A large stock of aging - and unsold - private technology companies has emerged

The success story of the cybersecurity company Wiz is exactly the kind of story that the venture capital industry relies on to attract investors.

7/20/2024, 3:23 PM
Eulerpool News Jul 20, 2024, 3:23 PM

Four young engineers sell their first start-up to a large technology company (Microsoft) and start a new company. This one identifies an unmet need and celebrates great success: It quickly raises $1.9 billion from some of the best-known names in venture investing. After just four years, another large technology company (Google) comes along and offers to buy it for $23 billion.

Should the sale go through, this would be the kind of payday that enters VC mythology. However, big successes like this have become rare recently.

The result for start-up investors is a large inventory of aging - and unsold - private technology companies. Unicorns - private technology companies with a valuation of $1 billion or more - were once named for their rarity. According to CB Insights, there are now more than 1,200 of them worldwide.

Until they realize a significant portion of these unrealized capital gains, many venture capital firms will struggle to show the strong cash returns needed to persuade their investors to make new capital commitments. This could turn the unicorn logjam into a structural impediment that slows the influx of new money into the latest startup wave.

The problem has become more acute as technology stocks have recovered from their post-Covid slump, while IPOs and sales to other companies remain subdued. In the US, there have only been four tech IPOs this year from companies valued at more than $1 billion, compared to more than 70 in 2021, when the stock market was also hot.

Large acquisitions have also become rare.

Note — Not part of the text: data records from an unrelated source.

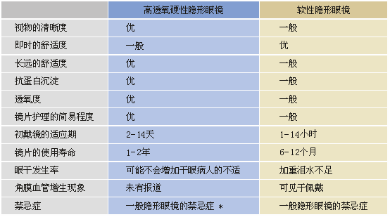 高透氧硬性隐形眼镜与软性隐形眼镜的比较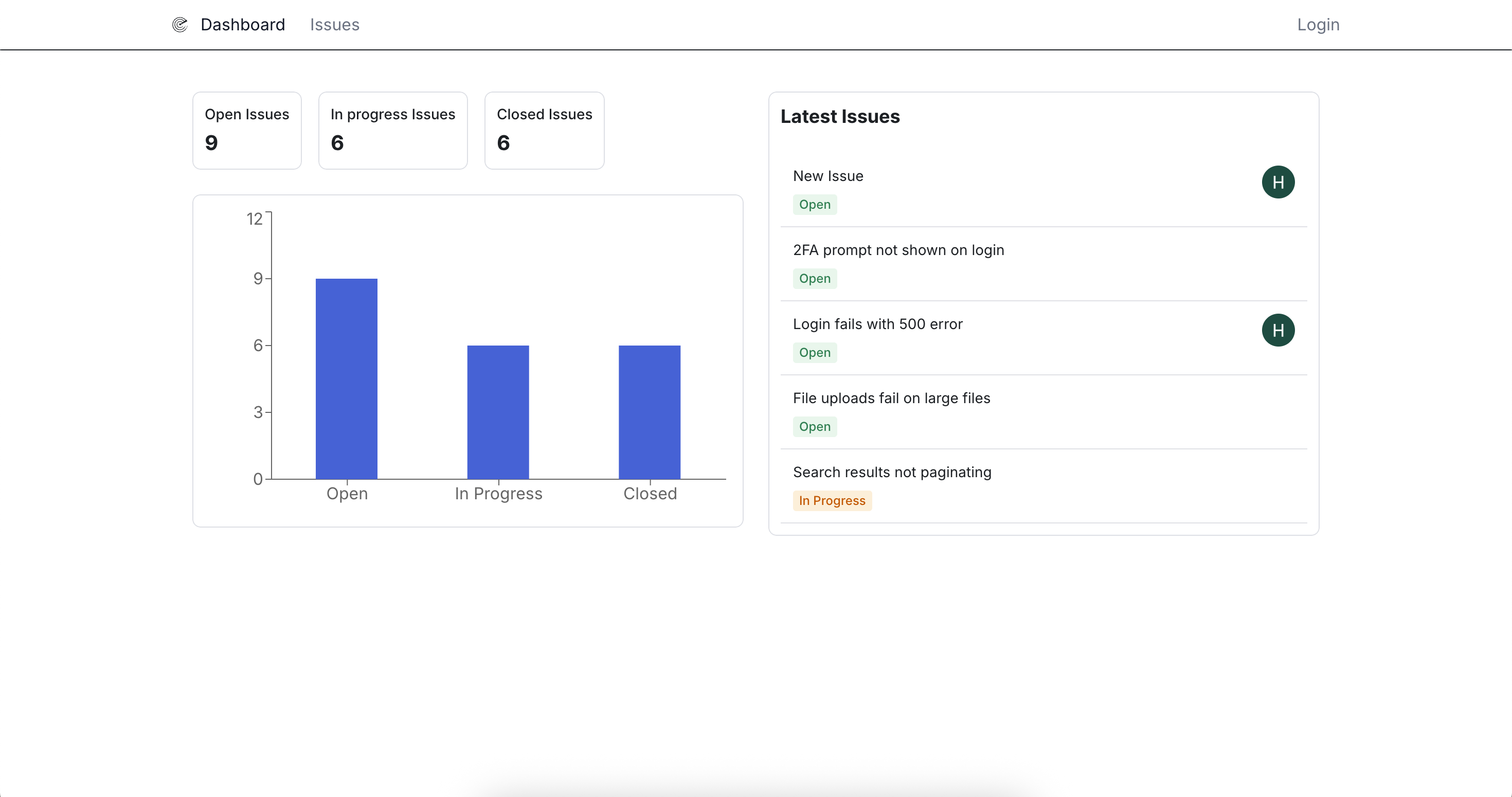 An issue tracking dashboard that displays real-time summaries, interactive charts, and a feed of recent activity.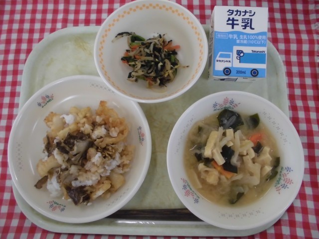 28日(月)の献立は、いかとまいたけのばら天丼、のり酢あえ、乾物みそ汁、牛乳です。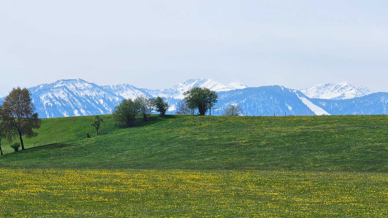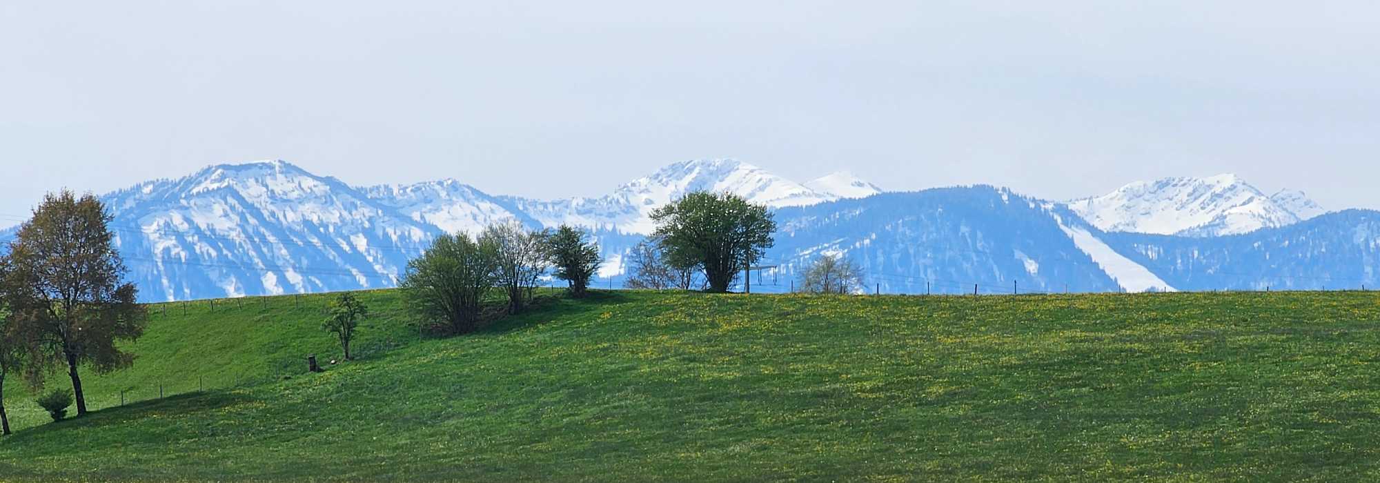 Eens het park voorbij gaat het omhoog naar het gehucht 'Roslink' en daar hebben wij eindelijk onze eerste blik op 'de Alpen'. Plots uit het niets doemen ze aan de einder op!! Ze zijn natuurlijk nog ver, maar voor het eerst in onze 1.000-km lange tocht kunnen we zien waar we al geruime tijd naar verlangden.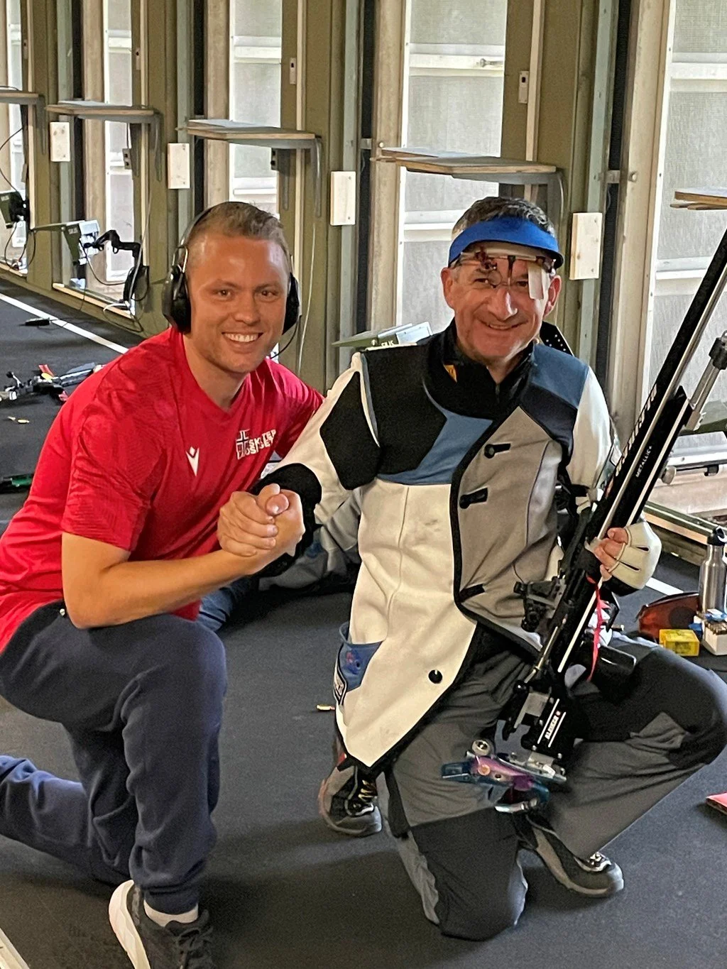 Simon avbildet sammen med Rajmond Debevec etter 60 skudd liggende i EC Århus. Debevec er en av de største utøverne i ISSFs historie med både OL-gull, VM-gull, EM-gull og flerfoldige medaljer i verdenscup.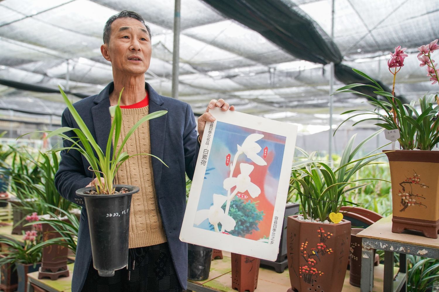 “这是墨兰、蕙兰、兜兰......这是白素荷,花瓣形似荷花,花色洁白,是难得的上品素花。”说起园子里的200多种兰花,叶国斌如数家珍。

Consequently, there are only 16 billion-dollar "exits" by US tech startups this year, compared to 211 in 2021, according to Crunchbase.

The VC world is divided over whether this is primarily a demand or supply problem. On the demand side, intensive antitrust scrutiny has made it significantly more difficult for the wealthiest technology companies to make acquisitions, making potential deals like Wiz rare. Aside from Microsoft's massive Activision purchase, the average M&A volume of the five largest technology platform companies over the past six years has been a mere $16 billion per year.

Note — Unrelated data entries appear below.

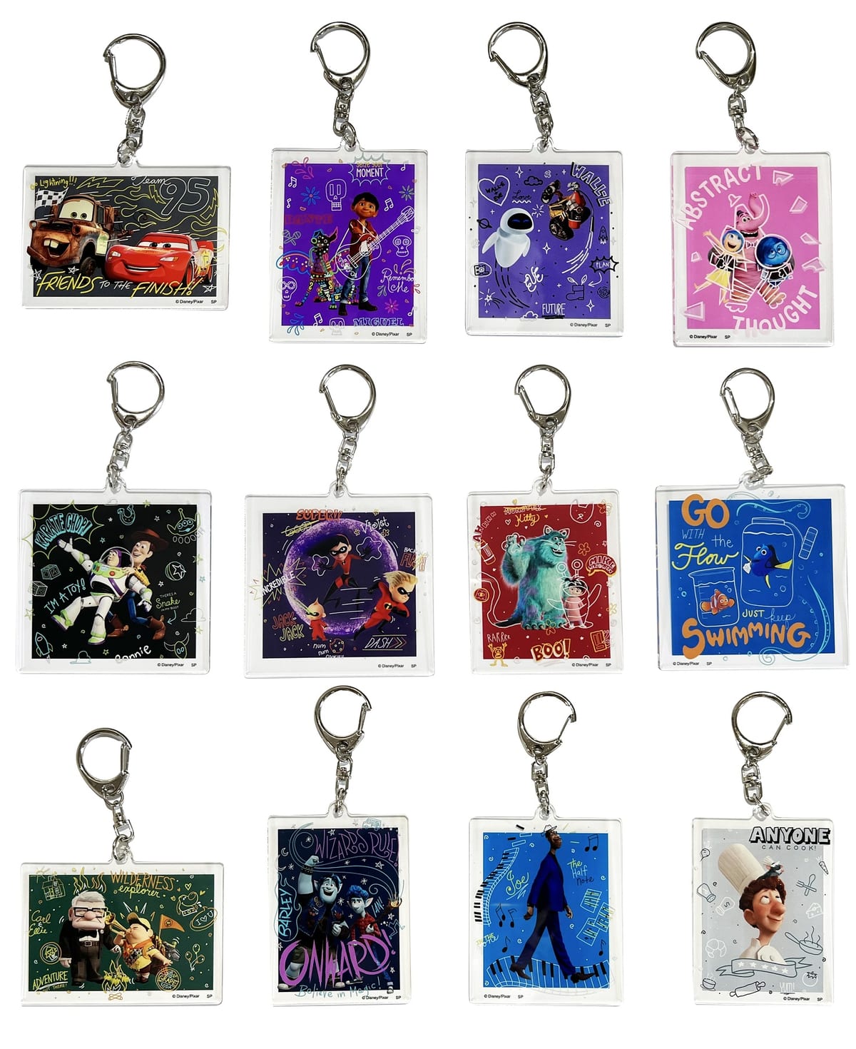 『リメンバー・ミー』や『カールじいさんの空飛ぶ家』のほか『2分の1の魔法』『ソウルフル・ワールド』などのアートも登場するアクリルキーホルダー。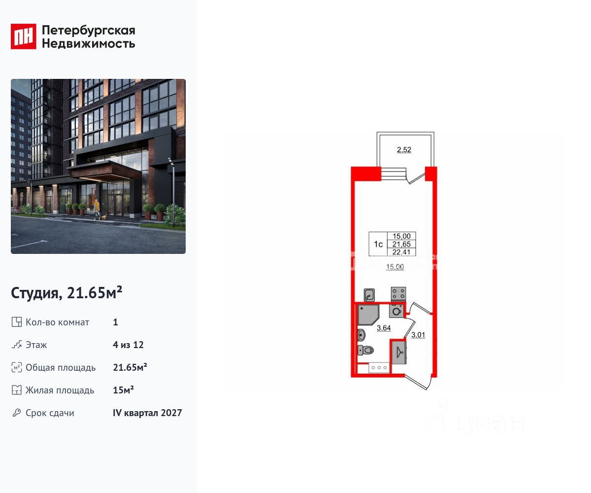 Удобная, классическая, функциональная европланировка, вместительная прихожая 3.01 м². Общая площадь студии - 21.65 м², жилая 15 м², высота потолка 2.75 м.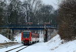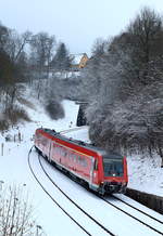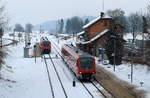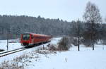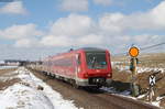 Zwei DB VT 611 sind bei Neunkirch im Klettgau auf der Fahrt von Ulm nach Basel Bad Bf. Das Bild zeigt im linken Teil ein neu geplante Strasse, aber keinerlei Anzeichen für den baldigen Doppelspurausbau und die Elektrifizierung der Strecke im Klettgau. 8. April 2010
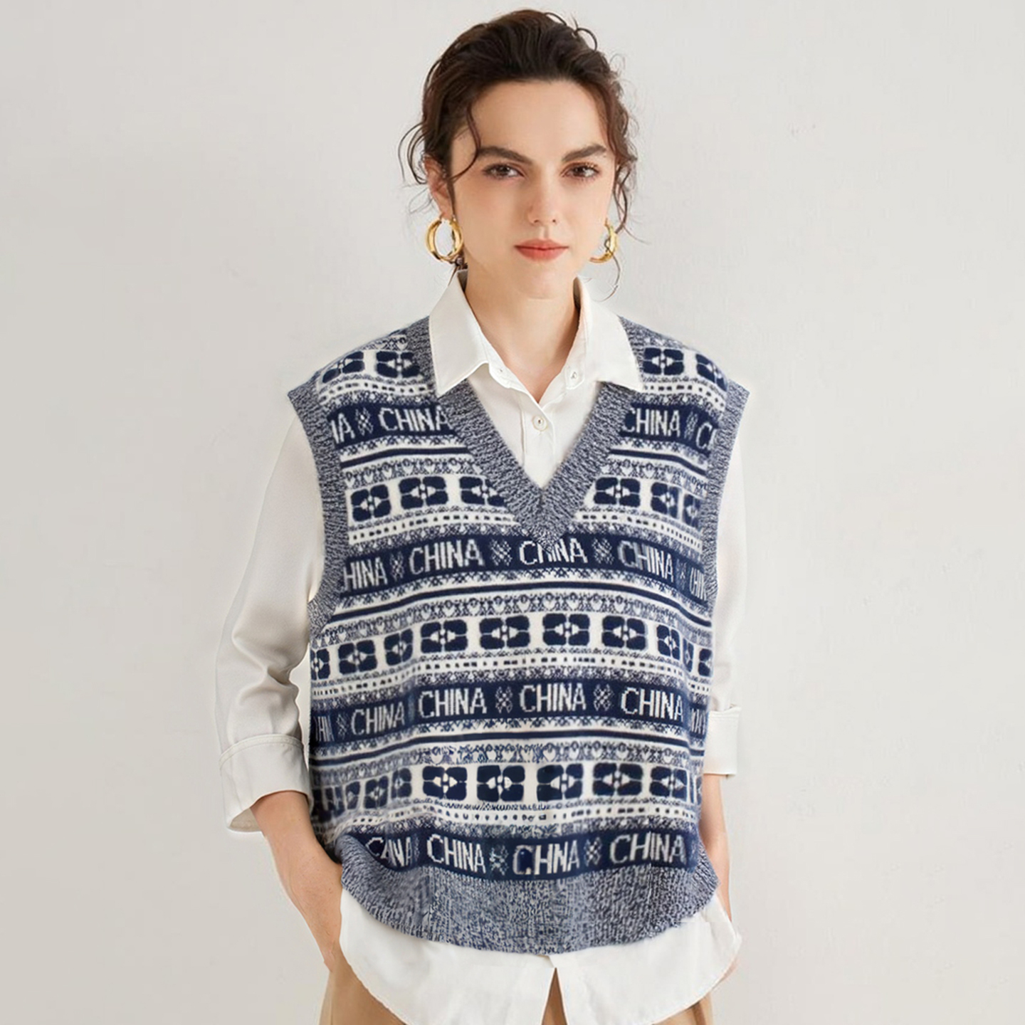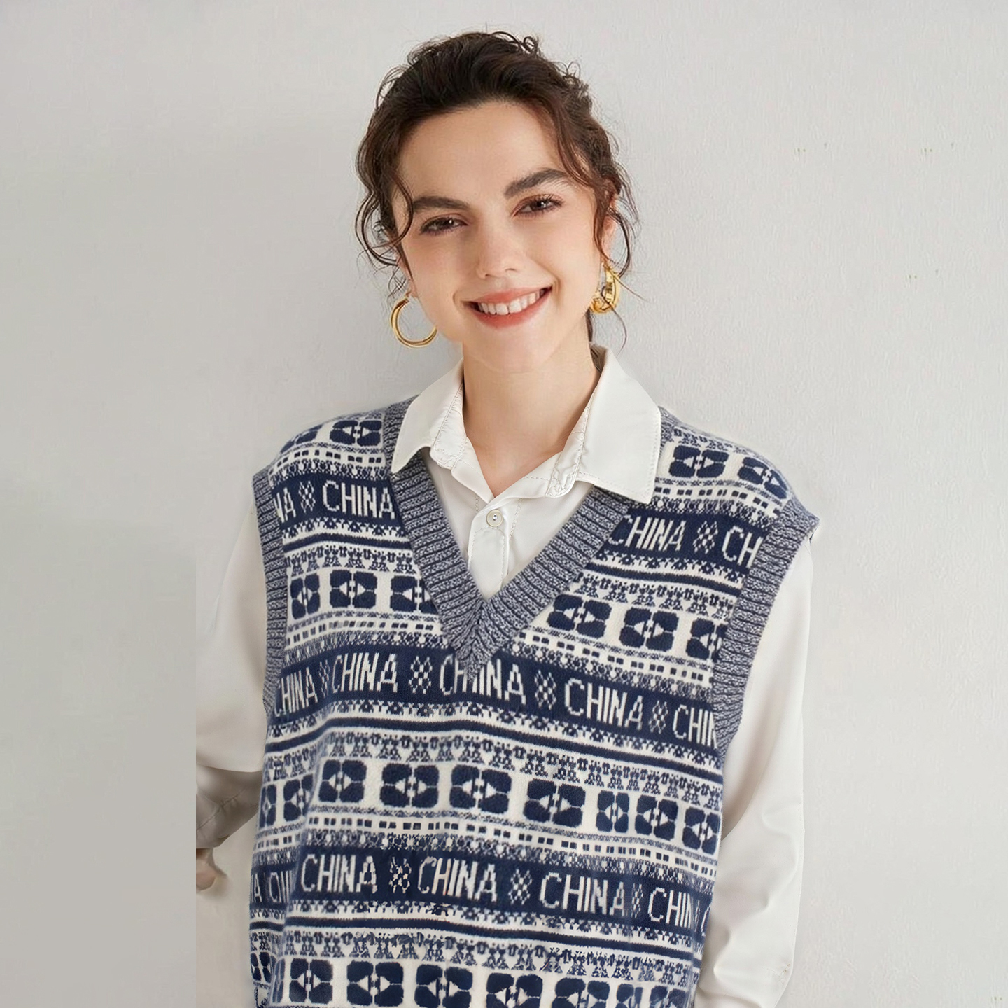 25新款100%纯山羊绒衫女V领套头宽松毛衣针织百搭打底衫马甲背心

Even with the richest companies on the sidelines, sectors like chips and software have undergone waves of consolidation in recent years, and companies like Broadcom have built technology empires based on aggressive acquisition strategies.

With regard to IPOs, the drought—only occasionally interrupted by booms like that of 2021—has been a concern in Silicon Valley for two decades. According to technology investor Coatue, this reflects a structural change in the financial markets. As index funds comprise a larger share of the overall stock market, there are fewer active fund managers rewarded for finding promising and undervalued companies, according to this argument.

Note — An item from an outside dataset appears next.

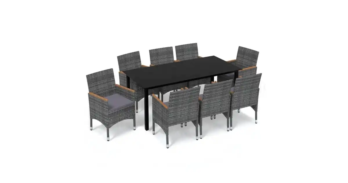 vidaXL 9 Piece Garden Dining Set with Cushions Poly Rattan Grey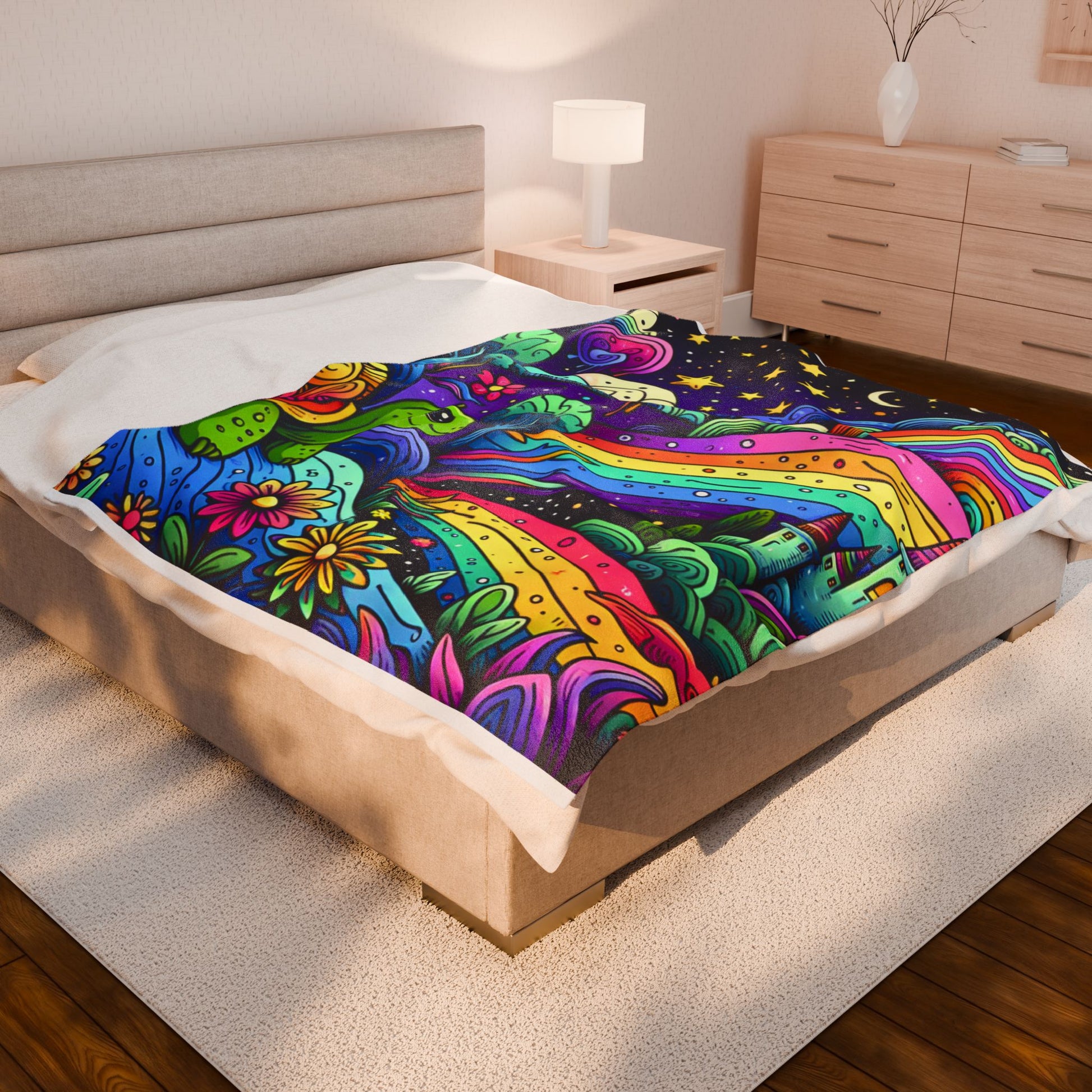 Whimsical illustration bursts with vibrant colors, featuring a smiling turtle amidst swirling trees, blooming flowers, and a rainbow path leading to a fairytale castle beneath a starlit, crescent moon sky. Enchanting, dreamlike landscape evokes a playful, imaginative world. Create a cozy and warm atmosphere at home with this plush velveteen blanket. It is soft to touch and perfect for any home. Customize with a one-sided print to add your personal touch or create a gift for your friends and family. Available in three sizes: 30x40", 50x60", 60x80".

However, others argue that there is more than enough investment appetite and that the problem is rather a lack of the right kind of technology companies. Lise Buyer, an IPO consultant who worked on Google's IPO, says that managers at many institutions are looking for high-growth technology companies to invest in because holding the same seven large technology companies as everyone else leaves little room for outperformance and justifying their fees.

Sure, here is the translation of the heading to English:

"On the supply side of technology start-ups, many of the companies funded during the VC boom were focused on unprofitable growth. This made sense when private investors demanded growth at any cost, but the stock market now requires strong profit performance - something that takes time to build.

It also takes time to manage the overhang from the last funding wave, following the downturn in private market valuations that began at the end of 2021. About half of the 1,200 start-ups listed by CB Insights claimed valuations of $1-1.5 billion in their most recent funding rounds, making it likely that many could now be better described as ex-unicorns. Many of them will ultimately collapse or be sold at fire-sale prices.

Meanwhile, only a few founders of successful startups are willing to take the leap to the stock market, as Wall Street offers lower valuations than they once received in the private market.

Investors who had expected a wave of tech IPOs this year had to rethink their expectations. Now they are beginning to speculate what 2025 might bring. One of these years they might actually be right.